Item 1.01  Entry into Material Definitive Agreements

Stock Purchase Agreement

         On August 8, 2007, IntegraMed America, Inc. ("IntegraMed" or "we"),
along with its wholly-owned subsidiary IDVC Acquisition Co. ("Acquisition"),
entered into a Stock Purchase Agreement (the "Stock Purchase Agreement") with
the Sellers named therein (the "Sellers"), the Guarantors named therein and Vein
Clinics of America, Inc. ("VCA"), pursuant to which IDVC purchased all of the
outstanding capital stock of VCA. The purchase price was $28,000,000, subject to
adjustment as provided in the Stock Purchase Agreement.

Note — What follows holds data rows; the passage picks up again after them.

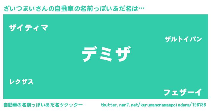 | 男性向けラノベタイトル風あだ名 | 『ざいつまいという概念が存在しない退屈な世界 』 |
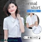 ワイシャツ 半袖 レディース ブラウス シャツ リボン 半袖シャツ ビジネス 事務服 オフィス おしゃれ 通勤 通学 就活 細身 体型カバー ホワイト
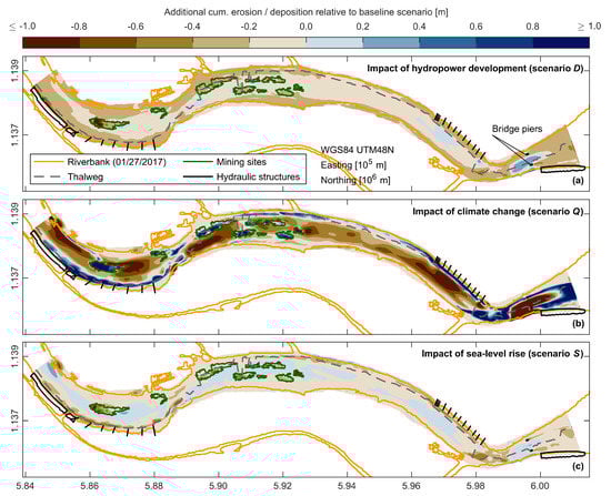 Patterns of additional cumulative erosion (red) and deposition (blue) in relation to the baseline scenario, including positions of riverbanks, the river’s thalweg, implemented sand mining sites and hydraulic structures. Riverbanks were extracted from historical Landsat-7 imagery using the MNDWI [38]. Landsat-7 images courtesy of the USGS, downloaded from the USGS EROS Centre (https://earthexplorer.usgs.gov). Sand mining sites were separated from the surrounding bathymetry using the approach in [6]. (a) Impact of hydropower development (scenario D) on the erosion and deposition pattern. (b) Impact of climate change-related increase in discharge (scenario Q) on the erosion and deposition pattern. (c) Impact of RSLR (scenario S) on the erosion and deposition pattern.
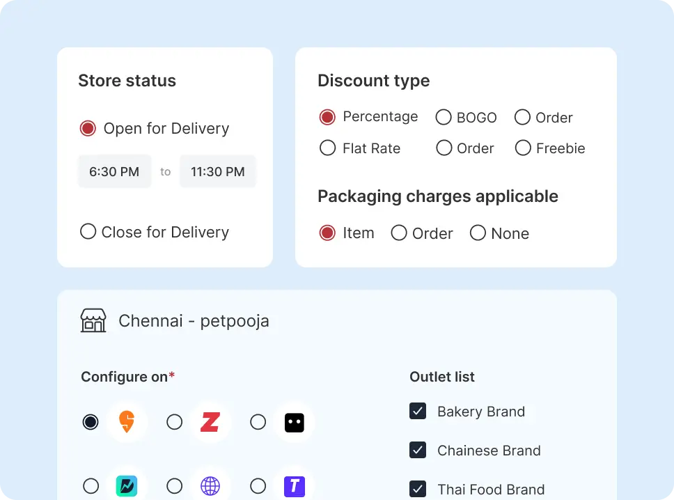 With your I-Hotel restaurant billing software, you can quickly add new menu items, provide a variety of packing options and mouthwatering add-ons, provide special specials, or alter menu pricing across all of your aggregators without difficulty.
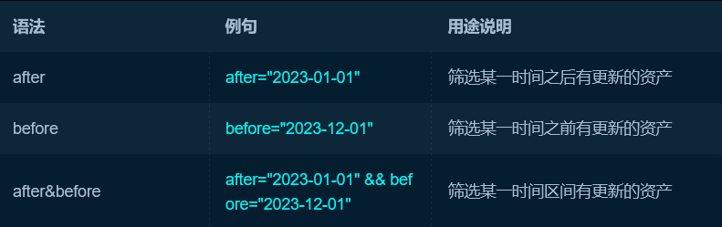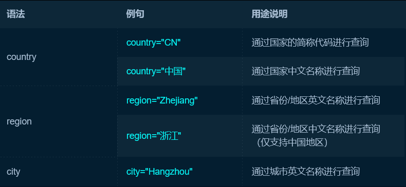 | 搜索位于指定国家的资产 | country = ‘CN’ |
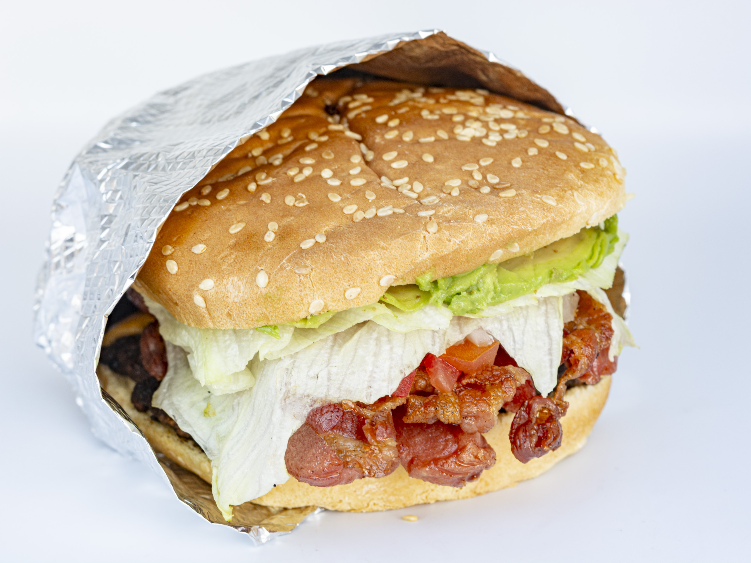 Carne, queso, winnie, tocino, aguacate, lechuga, tomate cebolla y liquidos

In addition, pursuant to
the terms of the Stock Purchase Agreement, the Sellers may receive additional
earn-out payments if certain EBITDA targets specified in the Stock Purchase
Agreement are met in 2007 and 2008.

         The foregoing description of the Stock Purchase Agreement does not
purport to be complete and is qualified in its entirety by reference to the full
text of the Stock Purchase Agreement, a copy of which is attached hereto as
Exhibit 10.1 and is incorporated herein by reference.

         A copy of the press release announcing the acquisition is attached
hereto as Exhibit 99.1 and is incorporated herein by reference.

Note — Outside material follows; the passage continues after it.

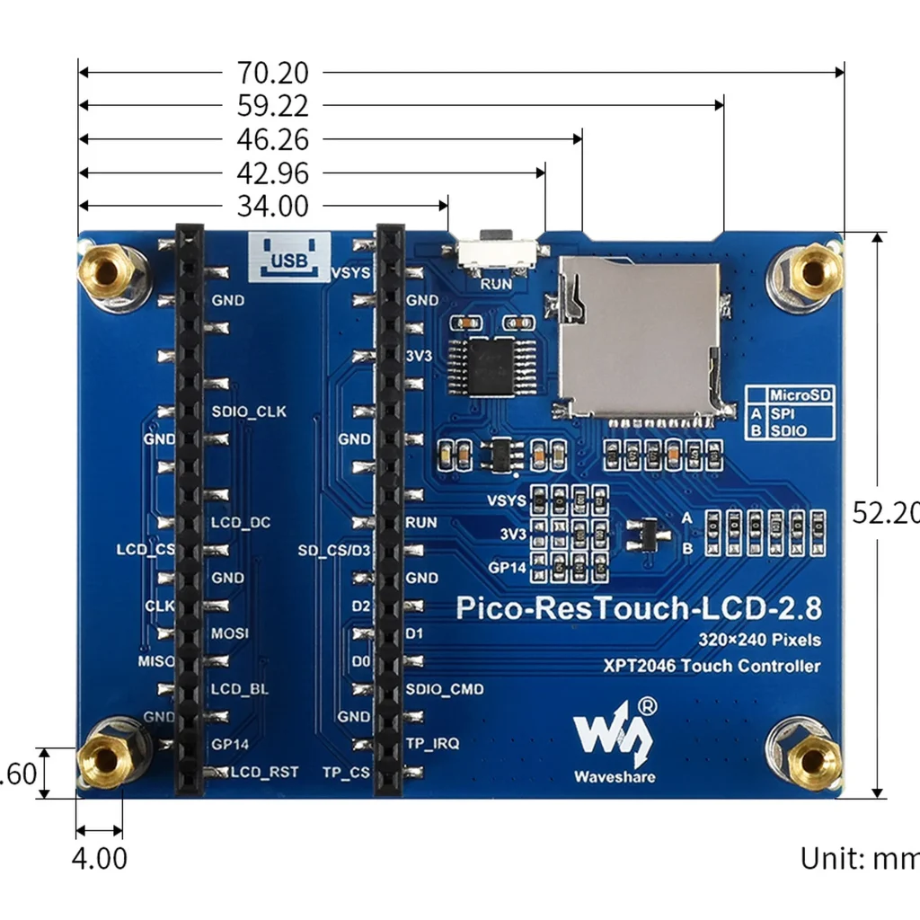 resistive touch controller XPT2046, ST7789 driver, using SPI busComes with Raspberry Pi Pico C/C++ and MicroPython Demo

Second Amended and Restated Loan Agreement

         Concurrent with the closing of the Stock Purchase Agreement, we entered
into a second amended and restated loan agreement (the "Second Amended and
Restated Loan Agreement"), dated as of August 8, 2007, to amend and restate
the Amended and Restated Loan Agreement, dated as of September 28, 2001, by and
between IntegraMed and Bank of America, N.A. ("Bank of America"), as amended by
a First Amendment dated as of September 16, 2002, a Second Amendment dated as of
July 31, 2003, a Third Amendment dated as of November 14, 2003, a Fourth
Amendment dated as of March 21, 2005 and a Fifth Amendment dated as of December
23, 2005 (as so amended, the "Original Loan Agreement"). The credit facilities
under the Second Amended and Restated Loan Agreement are comprised of:

   o   a term loan of $25 million to be used to finance the  purchase of VCA and
       related transaction costs; and

   o   revolving loans in an aggregate principal amount of up to $10 million.

         The term loan was fully drawn concurrently with the closing of the
Stock Purchase Agreement. Term loan amounts that are subsequently repaid or
prepaid may not be reborrowed. Amounts drawn under the revolving credit facility
may be borrowed, repaid and reborrowed until August 8, 2012.

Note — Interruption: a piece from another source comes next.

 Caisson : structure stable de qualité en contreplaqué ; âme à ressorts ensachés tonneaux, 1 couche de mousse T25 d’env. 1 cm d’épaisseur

         Interest rates applicable to the term loans and the revolving loans are
either at or below the prime rate set by Bank of America for those loans with
fluctuating rate borrowings or at LIBOR plus an applicable margin for LIBOR
loans. We are required to pay certain fees, including fees on undrawn committed
amounts, in connection with the Second Amended and Restated Loan Agreement.

         In addition, the Second Amended and Restated Loan Agreement contains,
among other things: (1) customary representations and warranties; (2) customary
affirmative, negative and financial covenants, including, without limitation,
maintaining minimum liquidity and EBITDA, limits on the senior leverage ratio
and limits on the incurrence of liens; and (3) customary events of default. Upon
the occurrence of an event of default, among other things, Bank of America may
declare that all amounts owing under the Second Amended and Restated Loan
Agreement are due and payable.

         The Second Amended and Restated Loan Agreement is unconditionally
guaranteed by all of our subsidiaries and is secured by first priority security
interests in substantially all our assets, including the capital stock of our
subsidiaries.

         The foregoing description of the Second Amended and Restated Loan
Agreement does not purport to be complete and is qualified in its entirety by
reference to the full text of the Second Amended and Restated Loan Agreement, a
copy of which is attached hereto as Exhibit 10.2 and is incorporated herein by
reference.

Voting Agreement

         Concurrent with the closing of the Stock Purchase Agreement, we entered
into a Voting Agreement (the "Voting Agreement") with the Sellers relating to
all securities of IntegraMed (the "Shares") held or to be held by the Sellers.
Under the Voting Agreement, for a period of two years from the date of receipt
of Shares by the Sellers, such Sellers will vote such Shares in favor of any
proposal recommended by management of IntegraMed and against any proposal not
recommended by management of IntegraMed. Concurrently with the Voting Agreement,
each Seller delivered an irrevocable proxy with respect to its Shares.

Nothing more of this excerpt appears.